**** EXERCISE MATERIALS ****

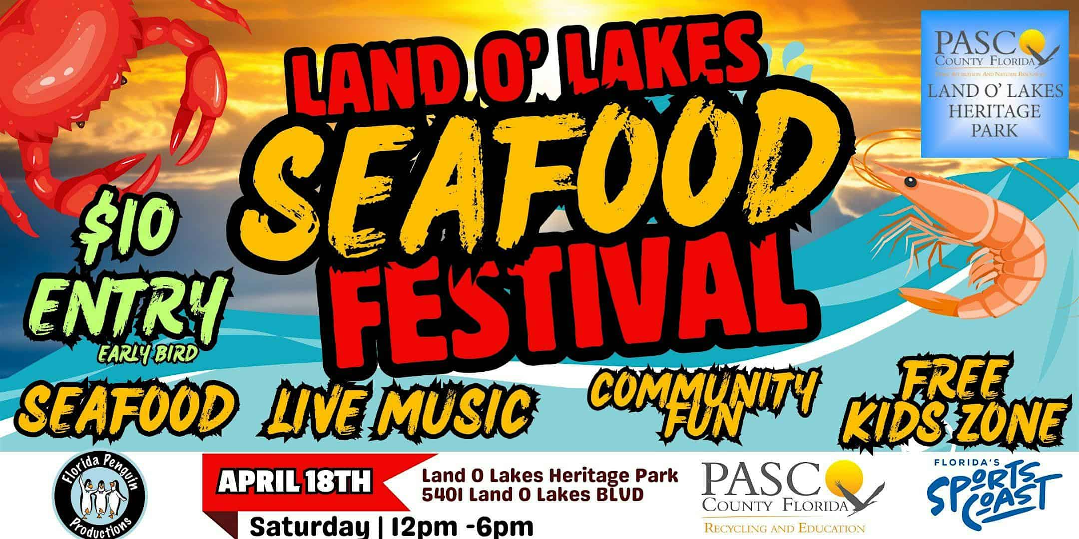 by admin14Feb 2nd Annual Land O Lakes Seafood Festival at Land O’ Lakes Heritage Park – Land O’ Lakes, FL 2nd Annual Land O Lakes Seafood Festival at Land O’ Lakes Heritage Park – Land O’ Lakes, FL 1 1 people viewed this event. Seafood, Live Music, and Fun for all ages!!! Enjoy the Spring Community vibes in Land O Lakes, FL Tickets-RSVP Link Date And Time Saturday, April 18th, 2026 04:00 PM (PST) Venue Land O' Lakes Heritage Park Location 5401 Land O' Lakes Boulevard, Land O' Lakes, FL 34639 Event Types Festival or FairFood & Drink Event Category Florida Share With Friends Facebook Twitter Linkedin Xing Pinterest Share This Post:
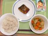 麦ごはん 鰆のカレー醤油焼き 鶏肉と大根の煮物 牛乳 今日は鶏肉と大根の煮物...
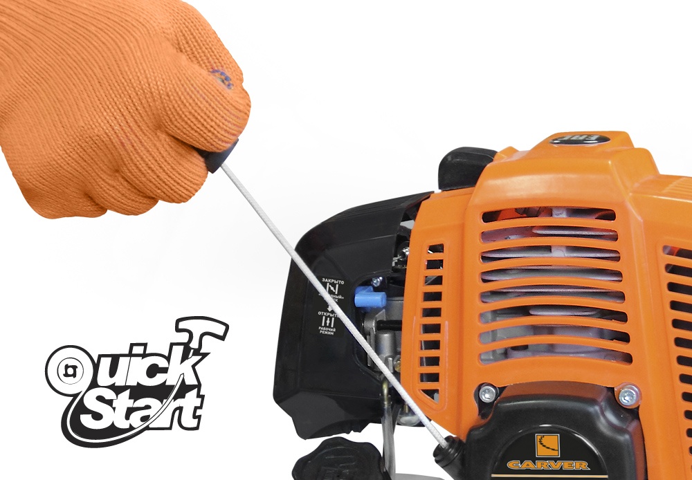 Бензокоса Carver GBC-043M оснащена системой QuickStart, компенсирующей противодействие двигателя при запуске. Технология пористого хромирования внутренней поверхности цилиндра двигателя обеспечивает увеличение износостойкости цилиндро-поршневой группы в 3-5 раз.
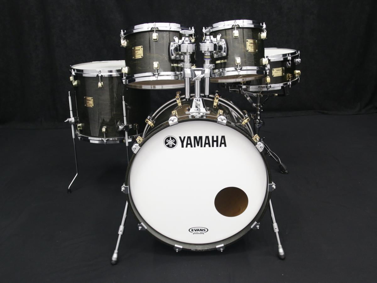Yamaha Maple Custom – elitní, dnes již nevyráběná série Yamaha, zhotovená z toho nejlepšího javorového dřeva jaké bylo v době výroby možné zajistit, basový buben je 10-ti vrstvý a tom tomy jsou 7-mi vrstvé, uchycení tomů je bez YESS, nicméně na bubnu je úchyt, kdy je mezi korpus a tom holder vložena speciální destička, která obsahuje 4 kusy gumového zavěšení-silentblok, takže je úchyt bubnu od korpusu zcela izolován, což podporuje delší zvukovou rezonanci a kvalitu tónu. Veškeré obruče TT a FTT jsou hliníkové, které přidávají teplotu tónu javorového dřeva, bubny jsou velice vyhrané, jejich úložné hrany byly revidovány a přebroušeny, TT15x13 byl konvertován na floor tom za pomoci orig. úchytů Yamaha, souprava je vybavena téměř novými blánami (nástroj je v obchodě a občas do něj někdo bouchne za účelem sluchového vjemu) REMO Emperor Coated, rezonanční jsou nové REMO Ambassador Clear a na BD jsou blány Evans EQ4 Clear a rezonanční Evans RGCW. Snare bylo rovněž podroben servisní kontrole, kdy musely být vyměněny mušle, které byly poškozené (dávný neduh těchto mušlí, kdy se stává, že ladění někdo přežene, přetáhne velkou silou ulomí se fixující trny mušlí) z tohoto důvodu jsou horní mušle chromované a spodní zlacené. Jedná se o vzácný set splňující ty nejvyšší kriteria pro kvalitu bicí soupravy, je ve světě žádaným, vyhledávaným a taky poměrně drahým nástrojem, který se na trhu objevuje už jen velmi zřídka.
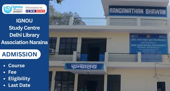 IGNOU Study Centre Delhi Library Association Naraina: The D.L.A Narayana company was founded in Delhi, India, on 10 March 1939. This group of organizations functions through the Delhi 3 Regional Center as an IGNOU study center. The IGNOU Study Center Delhi Library Organization offers BLIS, CLIS, MLIS, and PGDLAN classes, programs, and services.
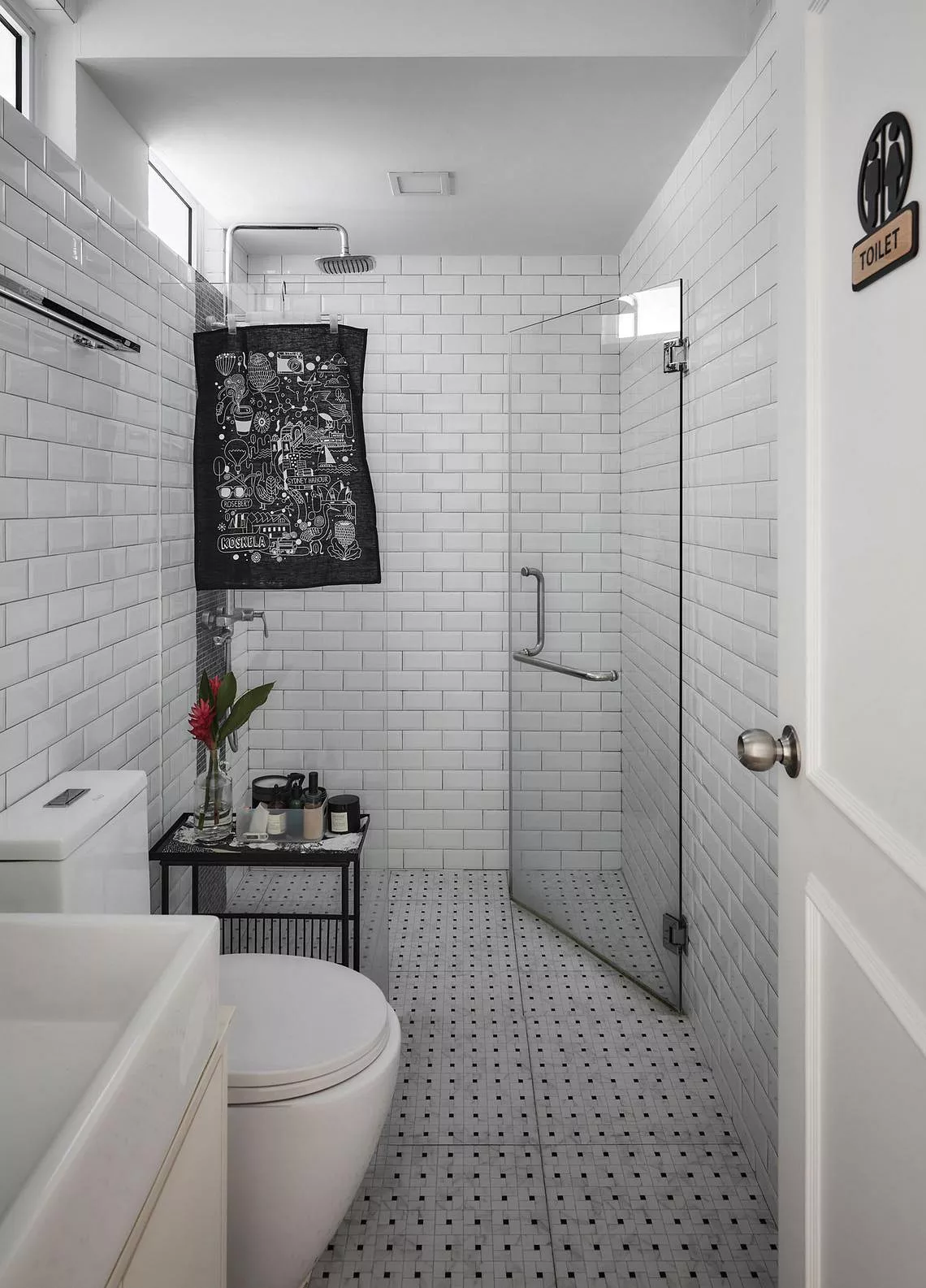 El baño está diseñado al estilo de Nueva York, con azulejos blancos tipo metro en las paredes y mosaicos de suelo en blanco y negro. La pareja no contrató a un diseñador de interiores, ya que la unidad ya había sido renovada.
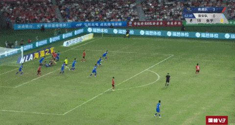 下半场,南通队很快就杀死了比赛的悬念。第54分钟,南通队左路挑传。队友送出传中,程鑫在禁区里策应抢点,推射平直,3-0!南通队险些提前拿下告捷。
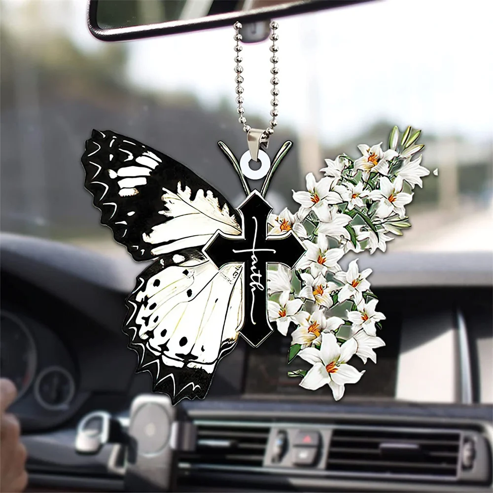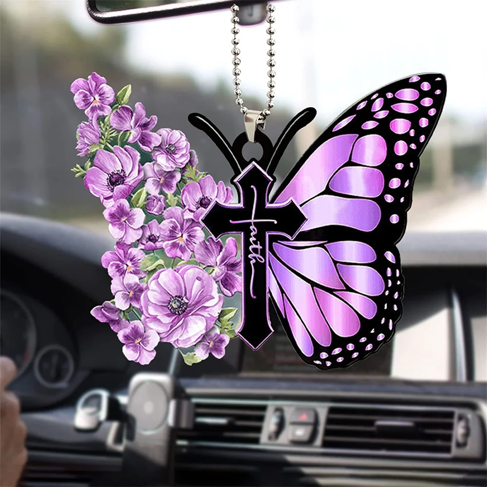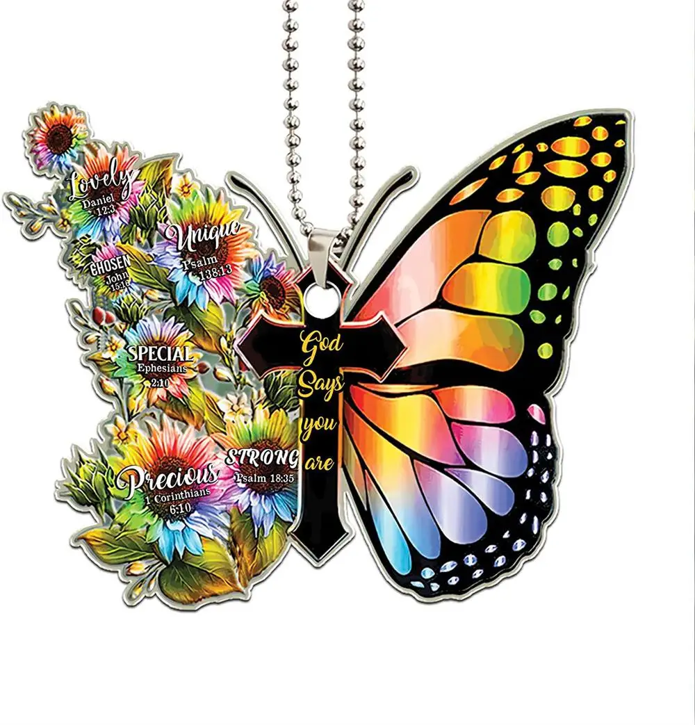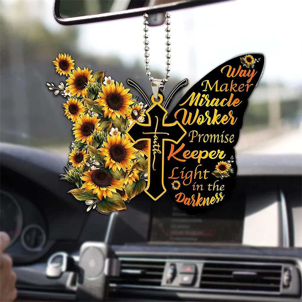 Butterfly Cross Hanging Decoration For Car Sunflower Butterfly Car Charm Rear View Mirror Accessories Car Interior Decor Pendant
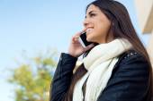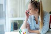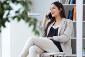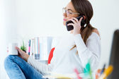 Bardzo młoda kobieta za pomocą jej telefon komórkowy w biurze.
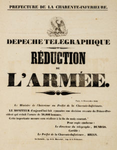 affiches de Bulletins de la Grande Armée (32-33e, et 37e, 1806) ; Arrêté relatif à la levée complémentaire faite sur les conscrits des dépôts des classes de 1806 à 1810 ; Proclamation de Louis XVIII aux Habitans de la Charente-Inférieure ; Avis de la Préfecture du Dépt du Tarn (28 nov. 1814) ; Cour des Pairs, Arrêt rendu le 11 avril 1831 contre les anciens ministres d’Haussez, Capelle et Montbel ; Ordonnance du Roi Louis-Philippe (14 déc. 1840) sur le recrutement ; Dépêche télégraphique, Réduction de l’Armée (Préf. de la Charente-Inférieure 18 nov. 1852) ; Arrêté du Ministère de la Guerre « portant fixation de la prestation individuelle que les militaires appelés sous les drapeaux auront à verser pour être admis, s’il y a lieu, à l’exonération du Service, pendant l’année 1856 » (28 déc. 1855) ; Décret Impérial et arrêté de M. le ministre de la Guerre relatifs aux engagements volontaires dans la Garde Impériale (12 mai 1860) ; Marine et Colonies, Avis. Engagements volontaires et Engagements après Libération pour les équipages de la Flotte (18 juil. 1861) ; 3 placards Société de secours Blessés militaires des Armées de Terre & de Mer (1866)… Recrutement, Volontariat (1873) ; Décrets Recrutement de l’Armée : classes de 1872, 1874, 1876, 1877 (tirages au sort)… On joint une gravure représentant le Combat de Montebello d’après Durand-Brager et Robert (supplément du Monde illustré 1859).
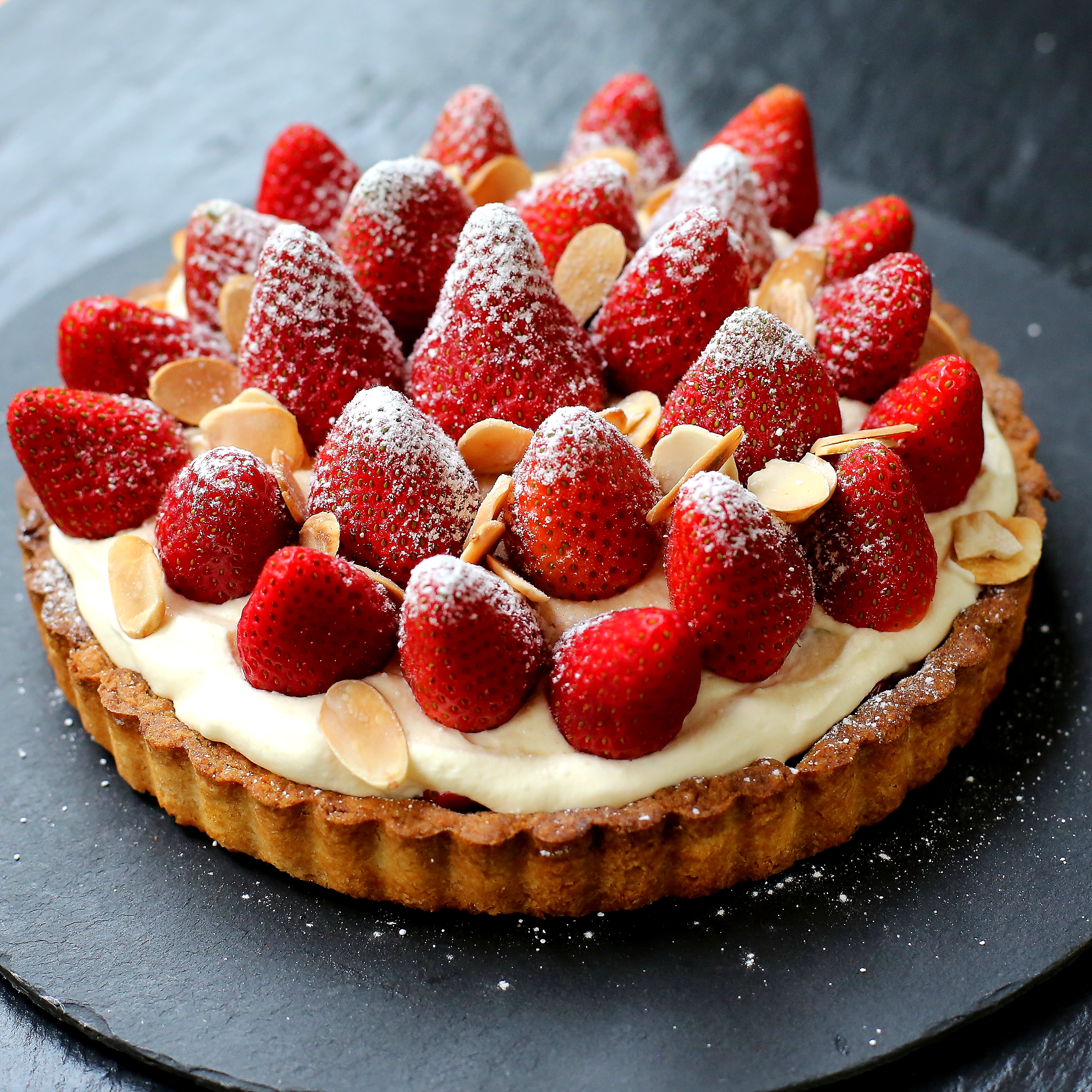 To assemble, place the macerated strawberries in the pastry case, smooth cream over the top, place hulled strawberries on top, sprinkle over icing sugar and scatter toasted almonds over.
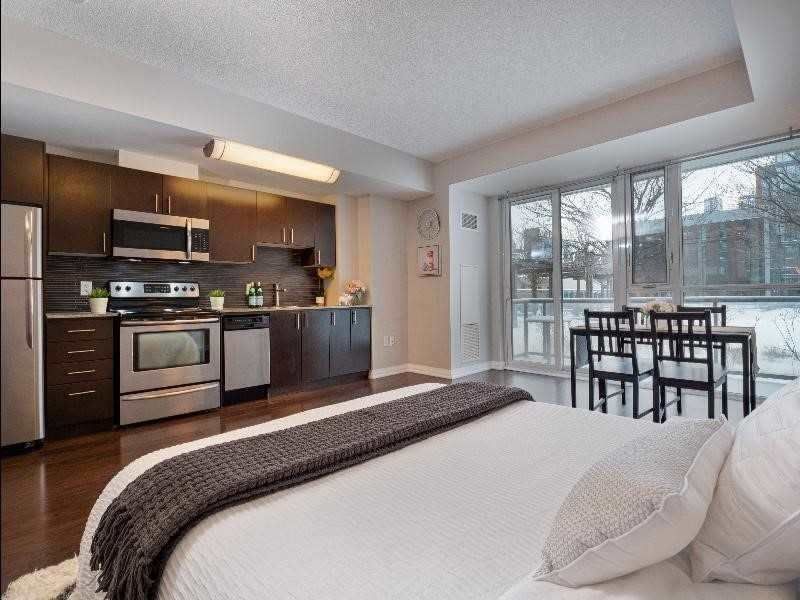 Client remks: bright and spacious studio 455 sq. Ft. + 81 sq. Ft (terrace) in immaculate condition. Balcony with sun-filled west exposure located at the heart of regent park. 9' ceiling, floor to ceiling windows with views of beautiful rooftop garden. Tasteful finishes: stainless steel appliances, granite kitchen countertop, premium laminate flooring, large closet. Steps away from public transportation, groceries, bank, restaurants, park and community centre.
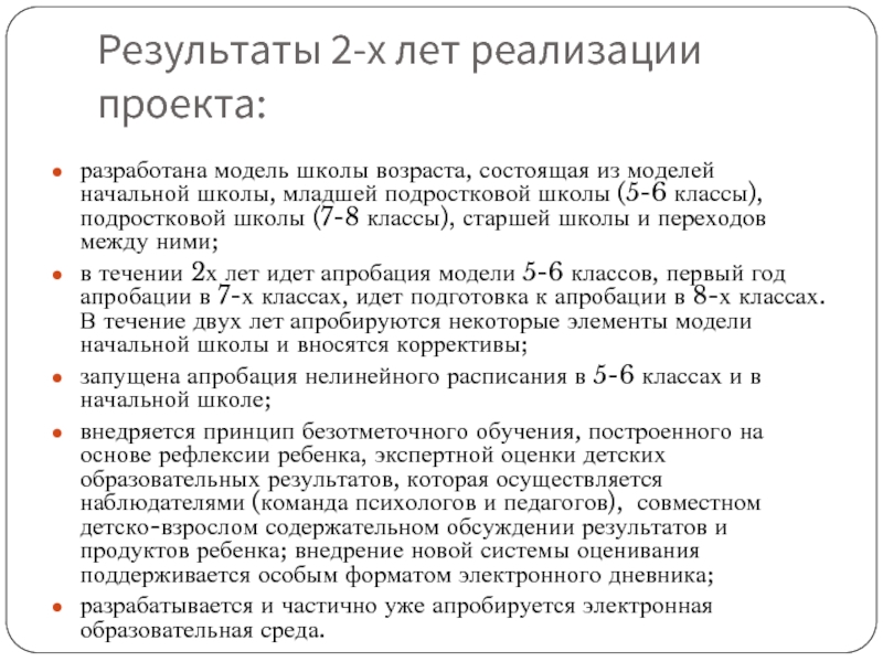 в течении 2х лет идет апробация модели 5-6 классов, первый год апробации в 7-х классах, идет подготовка к апробации в 8-х классах. В течение двух лет апробируются некоторые элементы модели начальной школы и вносятся коррективы;
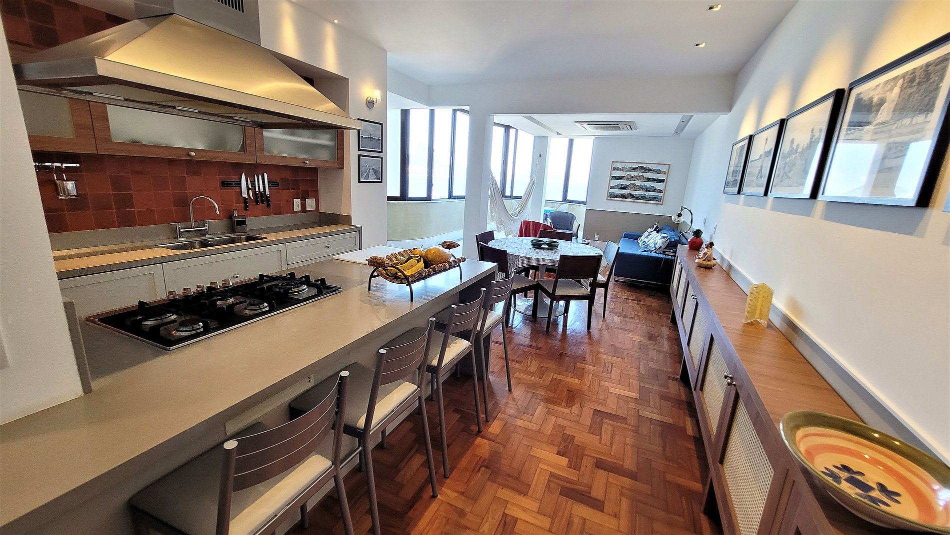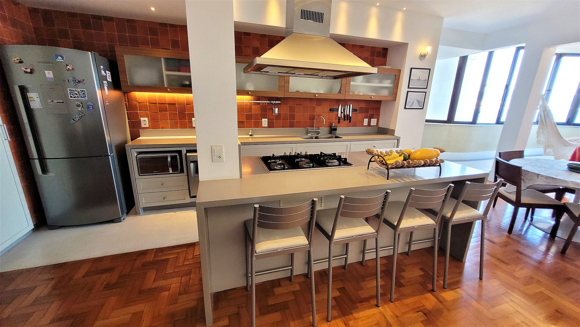 O imóvel é composto por dois quartos, sendo um suite, dois banheiros, ampla sala de estar, mesa de jantar e balcão que acomodam bem até 8 pessoas, sala de TV ou leitura. Ar condicionado em todos os comodos. Cozinha americana moderna e bem equipada. Área de serviço com maquina de lavar roupas. TV a cabo e internet com wifi de alta velocidade.

****

## AIM OF THE EXERCISE
Nothing but the lines above, starting at the line that contains "IGNOU Study Centre" and ending at the line that contains "Bardzo młoda kobieta", should be given again, exactly and without the pictures.

## REPLY
 IGNOU Study Centre Delhi Library Association Naraina: The D.L.A Narayana company was founded in Delhi, India, on 10 March 1939. This group of organizations functions through the Delhi 3 Regional Center as an IGNOU study center. The IGNOU Study Center Delhi Library Organization offers BLIS, CLIS, MLIS, and PGDLAN classes, programs, and services.
 El baño está diseñado al estilo de Nueva York, con azulejos blancos tipo metro en las paredes y mosaicos de suelo en blanco y negro. La pareja no contrató a un diseñador de interiores, ya que la unidad ya había sido renovada.
 下半场,南通队很快就杀死了比赛的悬念。第54分钟,南通队左路挑传。队友送出传中,程鑫在禁区里策应抢点,推射平直,3-0!南通队险些提前拿下告捷。
 Butterfly Cross Hanging Decoration For Car Sunflower Butterfly Car Charm Rear View Mirror Accessories Car Interior Decor Pendant
 Bardzo młoda kobieta za pomocą jej telefon komórkowy w biurze.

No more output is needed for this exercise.